Tightened lending standards may reduce losses, prevent supply from meeting demand
Written on May 17, 2010 – 10:37 pm | by Alicia Ross

Tightened lending standards may reduce losses, prevent supply from meeting demand
Eighty-five percent of bank risk professionals surveyed in March 2010 also expected that the Credit Card Accountability, Responsibility and Disclosure Act of 2009 would lead to lower credit limits and increased interest rates. A wave of provisions effective the previous month restricted the fees charged by lenders and elevated disclosure efforts.
Eighty-three percent of respondents said they expected the average credit card limits to be reduced for new cards, according to the report, while 92 percent of them did not predict lending standards to loosen during the current quarter.
Restricted credit availability may protect lenders from some of the losses associated with delinquencies. Sixty percent of respondents expected a growth in the number of mortgage delinquencies, while 59 percent predict consumers to fall increasingly behind on credit card payments.
“Banks will stay focused on loss prevention,” Andrew Jennings, chief research officer at FICO, said. “Our survey found most bankers are still concerned about delinquencies. Throw in the CARD Act, which makes it harder for lenders to rein in risky cardholders, and it becomes highly unlikely we’ll see lenders throw caution to the wind.”

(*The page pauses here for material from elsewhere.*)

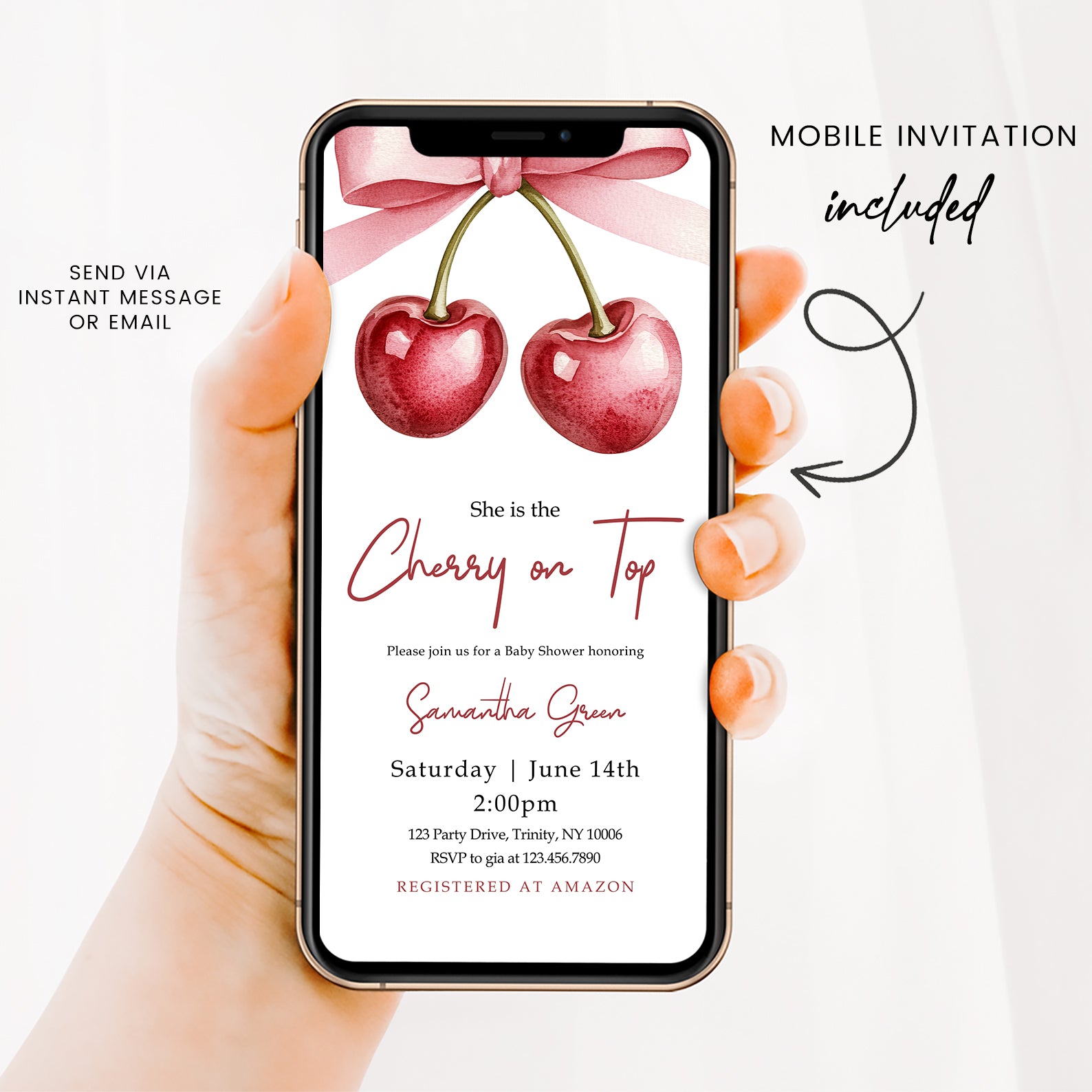 Cherry on Top Baby Shower Digital Invite Bundle with Pink Ribbon

Therefore, risk management efforts will become a higher priority for 24 percent of the survey’s respondents, while 34 percent expect to keep this priority at its current level. None plan to reduce their commitment to risk management.
A recent report by TransUnionshowed an 8.3 percent drop in credit card delinquencies during the first quarter of 2010. This brought the ratio of consumers who are 90 or more days behind on at least one account to 1.11 percent.